### ABOUT THIS TASK:
Pictures stay out of the copy, and everything else in the data below is repeated exactly.

### DATA SECTION:

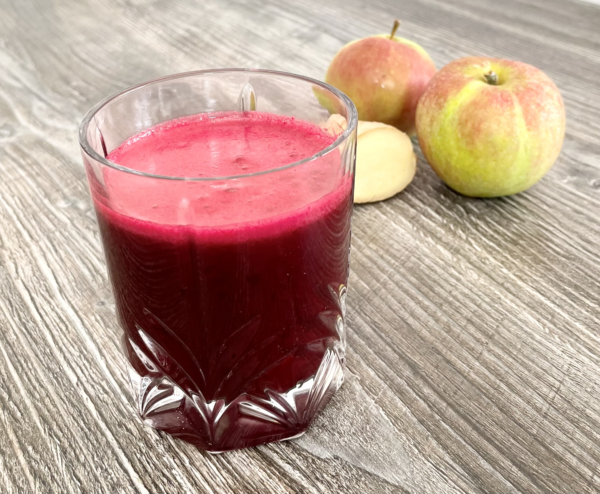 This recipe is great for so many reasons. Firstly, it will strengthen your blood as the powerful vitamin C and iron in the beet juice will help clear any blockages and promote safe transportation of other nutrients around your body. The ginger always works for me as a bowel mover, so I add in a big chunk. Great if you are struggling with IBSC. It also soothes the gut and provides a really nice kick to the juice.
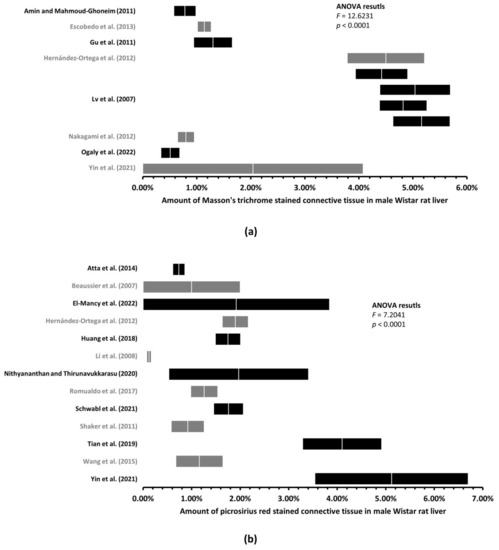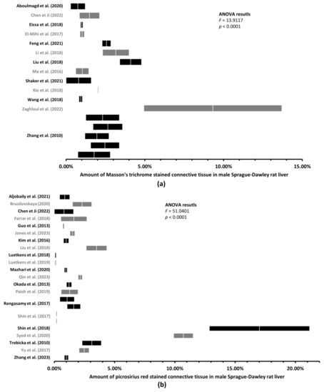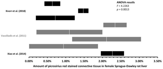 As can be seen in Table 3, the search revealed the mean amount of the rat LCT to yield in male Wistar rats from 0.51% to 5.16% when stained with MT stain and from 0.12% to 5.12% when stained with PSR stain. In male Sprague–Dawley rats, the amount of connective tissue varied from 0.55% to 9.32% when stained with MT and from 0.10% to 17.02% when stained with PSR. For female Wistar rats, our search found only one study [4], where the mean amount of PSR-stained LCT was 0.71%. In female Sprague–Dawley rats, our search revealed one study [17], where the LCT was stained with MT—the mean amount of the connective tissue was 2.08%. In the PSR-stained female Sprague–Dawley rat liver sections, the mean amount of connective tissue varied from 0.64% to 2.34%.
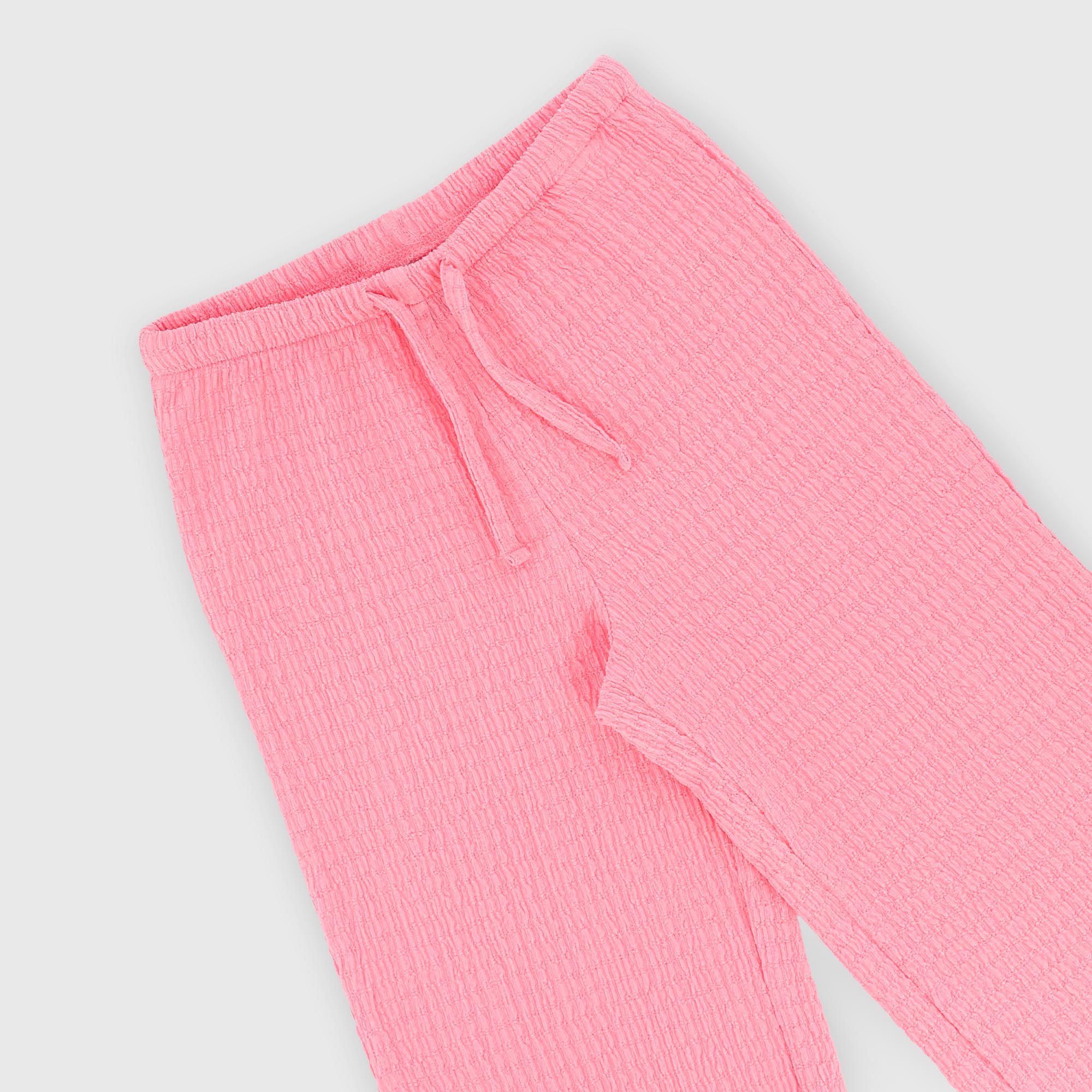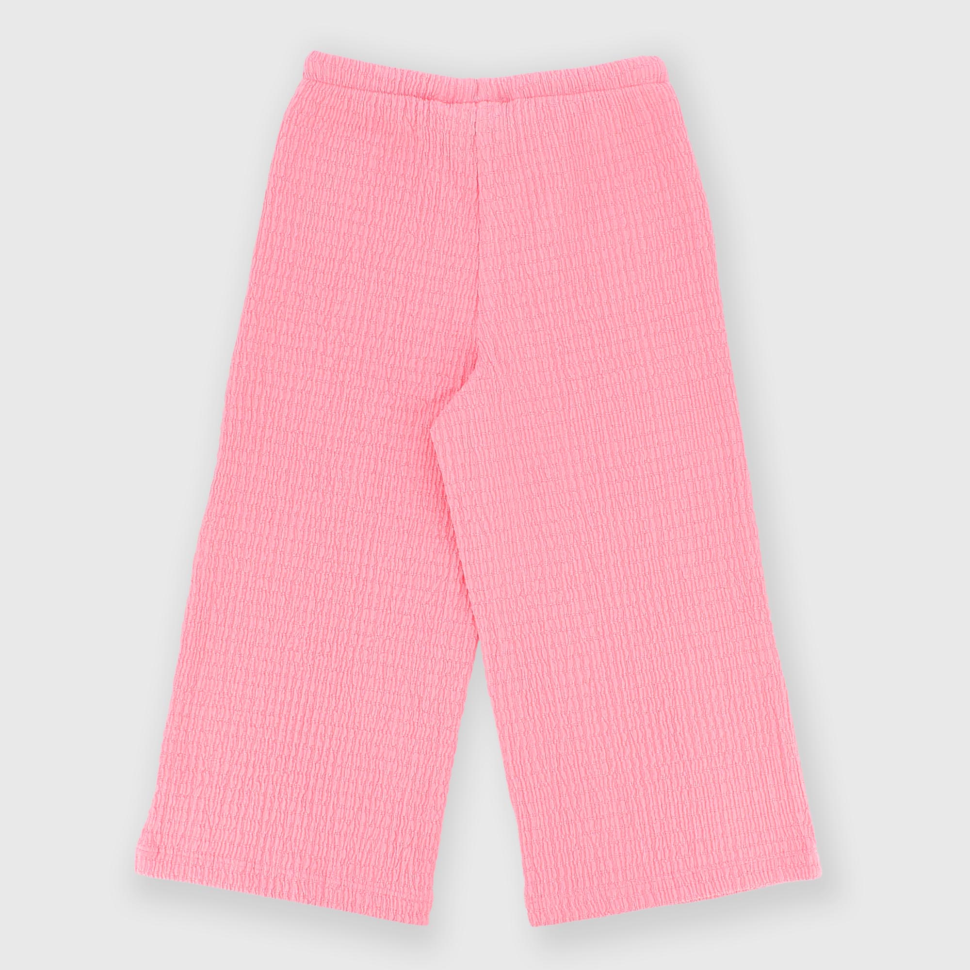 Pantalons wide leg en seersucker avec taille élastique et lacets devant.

### SOLVED EXERCISE:
 This recipe is great for so many reasons. Firstly, it will strengthen your blood as the powerful vitamin C and iron in the beet juice will help clear any blockages and promote safe transportation of other nutrients around your body. The ginger always works for me as a bowel mover, so I add in a big chunk. Great if you are struggling with IBSC. It also soothes the gut and provides a really nice kick to the juice.
 As can be seen in Table 3, the search revealed the mean amount of the rat LCT to yield in male Wistar rats from 0.51% to 5.16% when stained with MT stain and from 0.12% to 5.12% when stained with PSR stain. In male Sprague–Dawley rats, the amount of connective tissue varied from 0.55% to 9.32% when stained with MT and from 0.10% to 17.02% when stained with PSR. For female Wistar rats, our search found only one study [4], where the mean amount of PSR-stained LCT was 0.71%. In female Sprague–Dawley rats, our search revealed one study [17], where the LCT was stained with MT—the mean amount of the connective tissue was 2.08%. In the PSR-stained female Sprague–Dawley rat liver sections, the mean amount of connective tissue varied from 0.64% to 2.34%.
 Pantalons wide leg en seersucker avec taille élastique et lacets devant.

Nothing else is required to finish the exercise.